Venous thromboembolic complications on follow-up
One hundred sixty-seven episodes of suspected deep-vein thrombosis or pulmonary embolism occurred in 113 patients and could be objectively confirmed in 68 patients (deep-vein thrombosis, n = 57; pulmonary embolism, n = 11). Recurrent venous thromboembolic complications were ruled out by the diagnostic work-up in the remaining 45 patients.
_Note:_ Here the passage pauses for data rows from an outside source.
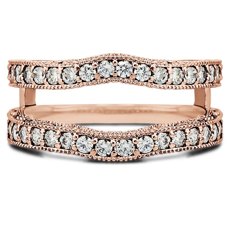 This wedding ring guard has 52 round, channel set stones. Each band measures 2 millimeters wide. This ring guard has 0.26 carats total weight. It is made to fit a round, princess, or marquise cut solitaire from 0.25 carats to 1 carats.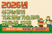 한국시사경제 충남취재본부 | 청양군이 최근 농어촌 기본소득 시행 등으로 급증한 신규 귀농인들의 안정적인 연착륙을 돕기 위해 영농 현장의 생생한 노하우를 전수하는 밀착형 지원에 나섰다. 군은 지난 12일, 신규 귀농인의 기술 습득과 영농 정착을 돕는 ‘2026년 선도농가 현장실습 교육’ 대상 8팀을 확정하고, 청양혁신플랫폼 와유에서 약정 체결 및 사전 교육을 실시하며 사업의 본격적인 시작을 알렸다. 이번 사업은 경험이 부족한 신규 귀농인(연수생)과 풍부한 영농 경험을 가진 베테랑 농업인(선도농가)을 1:1로 매칭해, 작물 재배 기술은 물론 농산물 가공·판매·마케팅 등 농업 경영 전반에 걸친 실전 지식을 전수하는 멘토링 프로그램이다. 특히 올해는 ‘청양군 농어촌 기본소득 시범 사업’ 시행 이후 귀농 희망자가 대폭 늘어남에 따라, 군은 관련 예산을 증액 편성하고 지원 규모를 지난해 5팀에서 8팀으로 확대해 귀농인들의 뜨거운 호응에 응답했다. 지난 12일 실시되는 교육에서는 본격적인 현장실습에 앞서 연수 과정에서의 유의 사항과 지원금 신청을 위한 시스템 활용법 등을 상세히 안내됐다. 또한 선도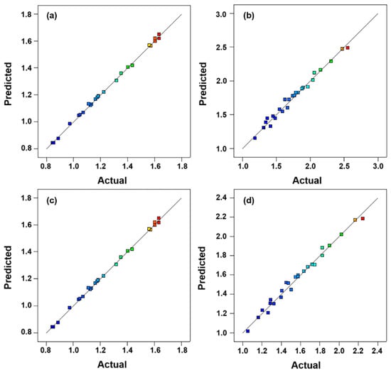 Relationships between the predicted and the actual values of each target parameter in different environments. Maps (a–d) are from regression equation Equations (14)–(17), respectively. Colorful squares represent residuals and the high concentration of data near the diagonal means that the obtained regression equations have good predictability.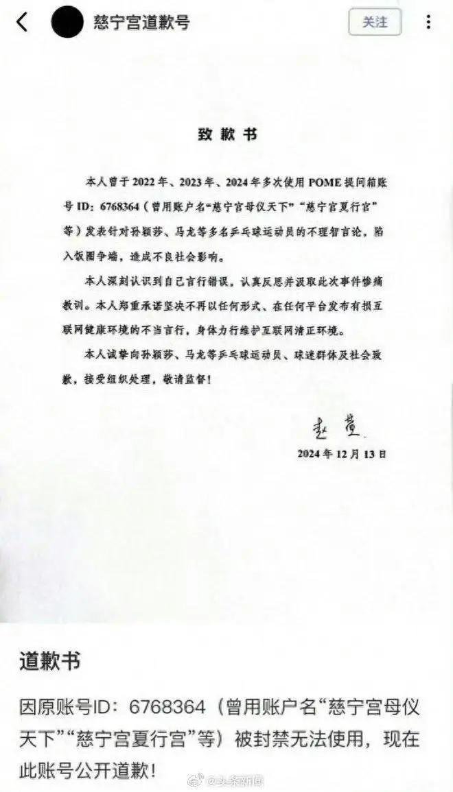 本人曾于2022年、2023年、2024年多次使用POME提问箱账号ID:6768364(曾用账户名“慈宁官母仪天下”“慈宁官夏行官”等)发表针对孙颖莎、马龙等多名乒乓球运动员的不理智言论,陷入饭圈争端,造成不良社会影响。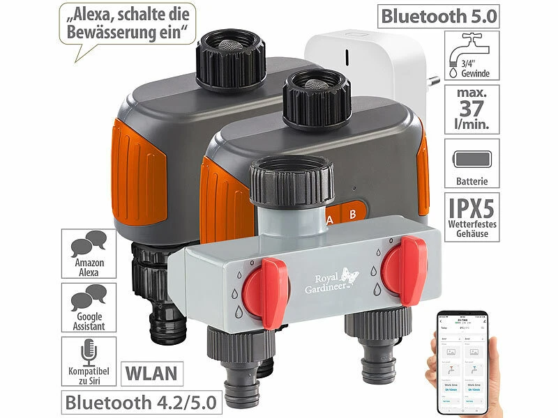 - Bewässerungscomputer BWC-600.bt inklusive 2 Klickanschluss-Adaptern, 2-fach-Wasserverteiler, 2 Schlauch-Schnell-Kupplungen, Wasserhahn-Verbinder, WLAN-Gateway, 2 Rollen Abdichtband und deutscher Anleitung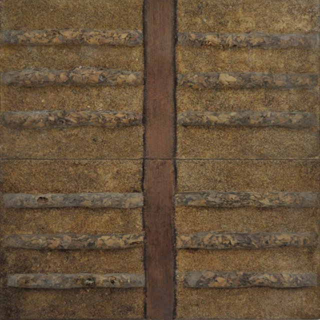 Barren Earth, Tar, burlap , Dirt ,Twine and paint on 9 panels, 30x96" 2009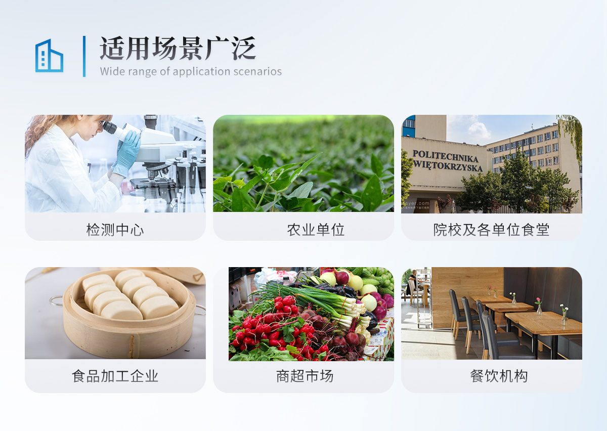 广泛应用于食品深加工企业、食药监局、商场超市、质量监督检验、工商管理、餐饮检测、各大食品安全监测系统等单位使用。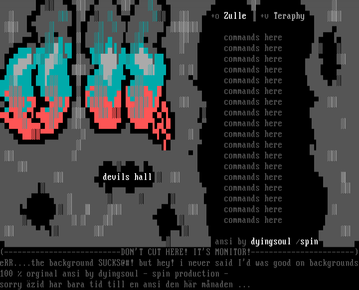 +o Zulle +v Teraphy commands here commands here commands here commands here commands here commands here commands here commands here commands here commands here commands here commands here commands here devils hall commands here commands here commands here commands here commands here ansi by dyingsoul /spin--------------------------DONT CUT HERE! ITS MONITOR!-----------------------eRR....the background SUCKS@! but hey! i never said Id was good on backgrounds100 orginal ansi by dyingsoul - spin production -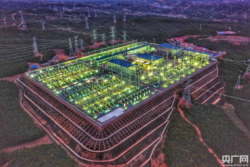 昆柳龙直流工程±800千伏昆北换流站进行灯光测试。 (央广网发 杨健 李志杰 摄 )
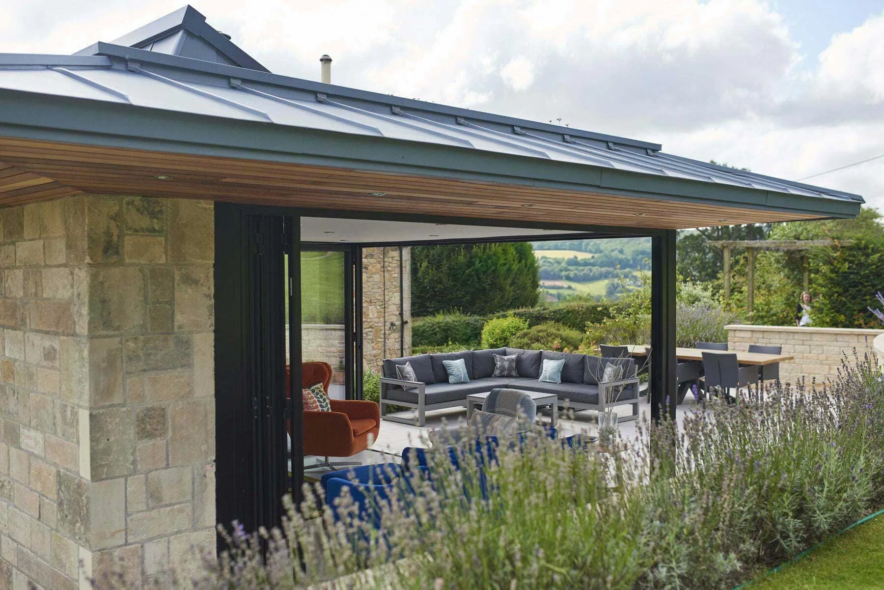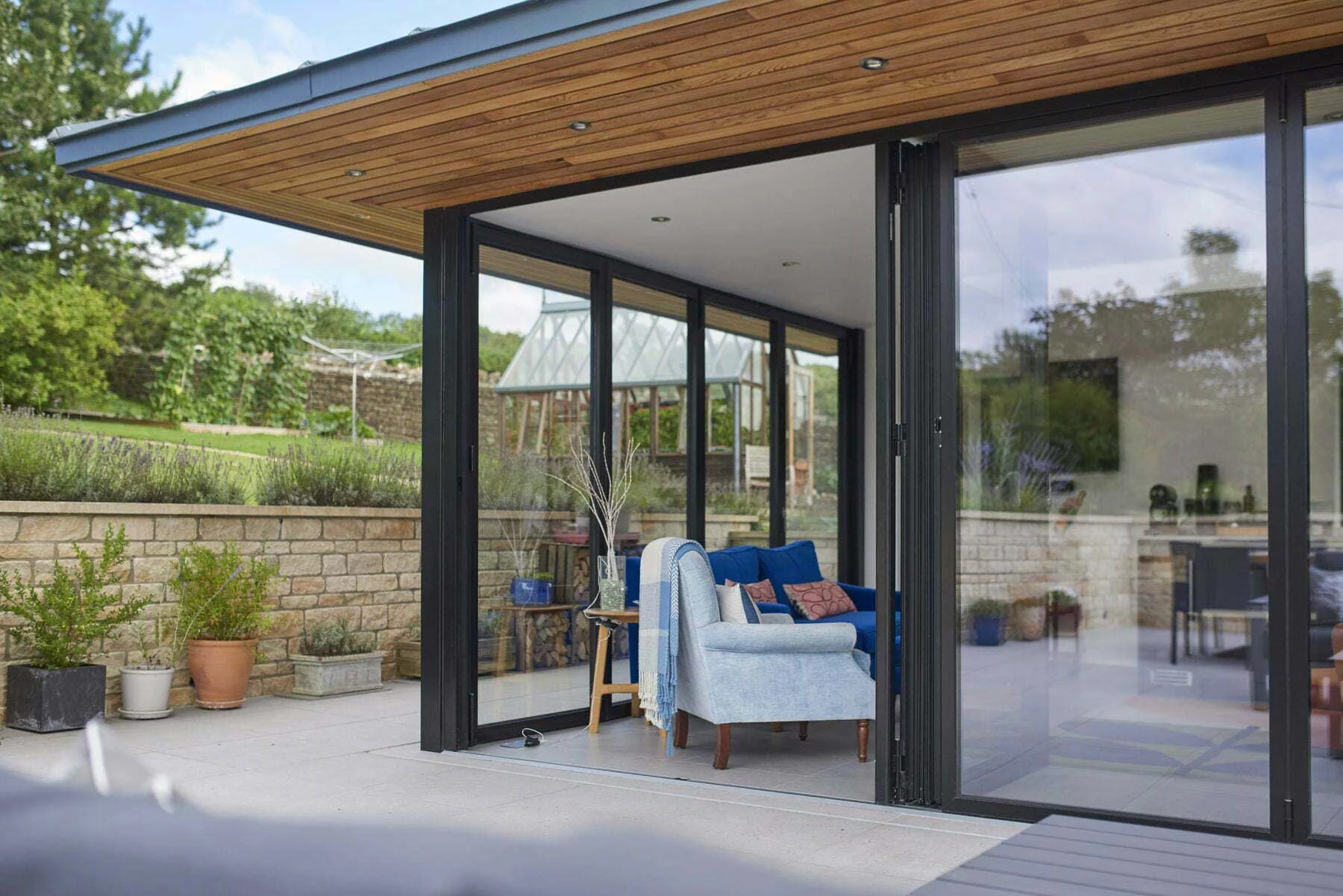- Glazing: Triple-column aluminium sliding doors with flush thresholds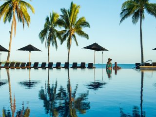 Our hotel is the awesome, oceanfront, 4-star Hilton with 7 pools including adult only. Hillton Fiji Beach Resort and Spa is ideally located on 2.5 km of beach on Denarau Island. Discover a paradise of sun, sea and sand at this relaxing resort. Indulge in a massage by the sea or choose from an array of treatments at the award-winning Pevonia concept spa. Every guest room offers a private terrace or balcony. Port Denarau Marina offers shopping, dining and entertainment, plus, if you're inclined, you can play the Denarau Golf Course. Check out my drone video of the hotel from our last trip.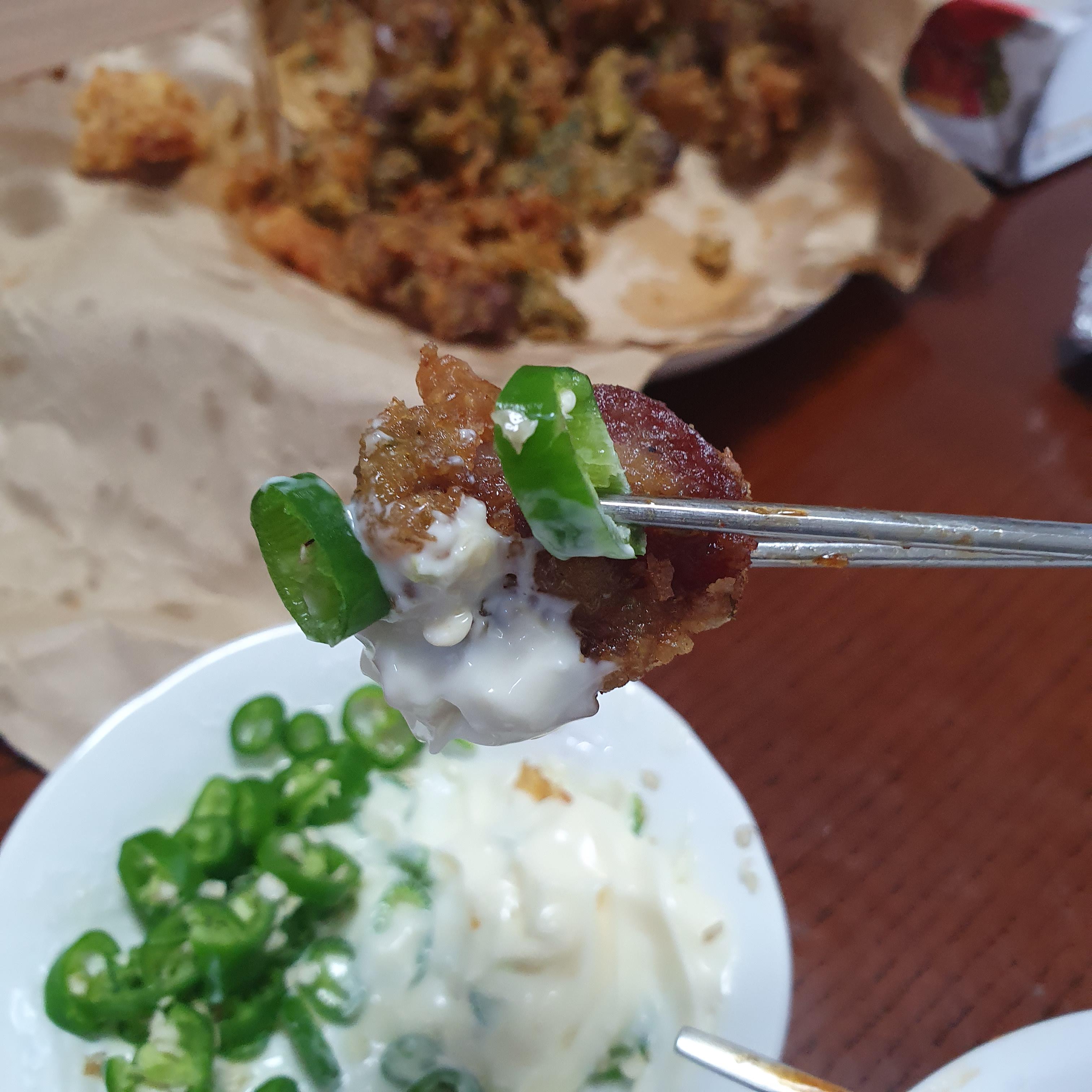 느끼함을 청양고추가 잡아주니 개꿀맛.

Venous thromboembolic complications developed in 13 patients with the prothrombin gene mutation and in 19 patients with the factor V gene mutation. One of these recurrences occurred in 1 of 3 patients with a combined abnormality. Another 37 recurrent events were observed in patients without the defects. The distribution of recurrences between patients with secondary and idiopathic deep-vein thrombosis in relation to carrier status is given in Table 3. The cumulative incidence of venous thromboembolic complications after 10 years was 61.3 (95% CI, 35.7 to 87.9%) in patients with the prothrombin gene mutation and 55.2% (95% CI, 36.4 to 74.0%) among carriers of the factor V gene mutation. This compares with 23.1% (95% CI, 16.2 to 30.1) in the 186 patients without these mutations (Figure1). The hazard ratios for venous thromboembolic complications among patients with the prothrombin or factor V gene mutation, compared to patients without these mutations, were 2.4 (95% CI, 1.3 to 4.7; P = .004) and 2.4 (95% CI, 1.4 to 4.1; P = .001), respectively. Adjustment for age and idiopathic thrombosis resulted in similar estimates for the hazard ratios of both mutations (2.8 and 2.4, respectively). The influence of age was statistically nonsignificant, whereas the risk in patients with initially idiopathic rather than secondary thrombosis was increased by a factor 1.5 (P = .06). None of the introduced interaction terms were statistically significant.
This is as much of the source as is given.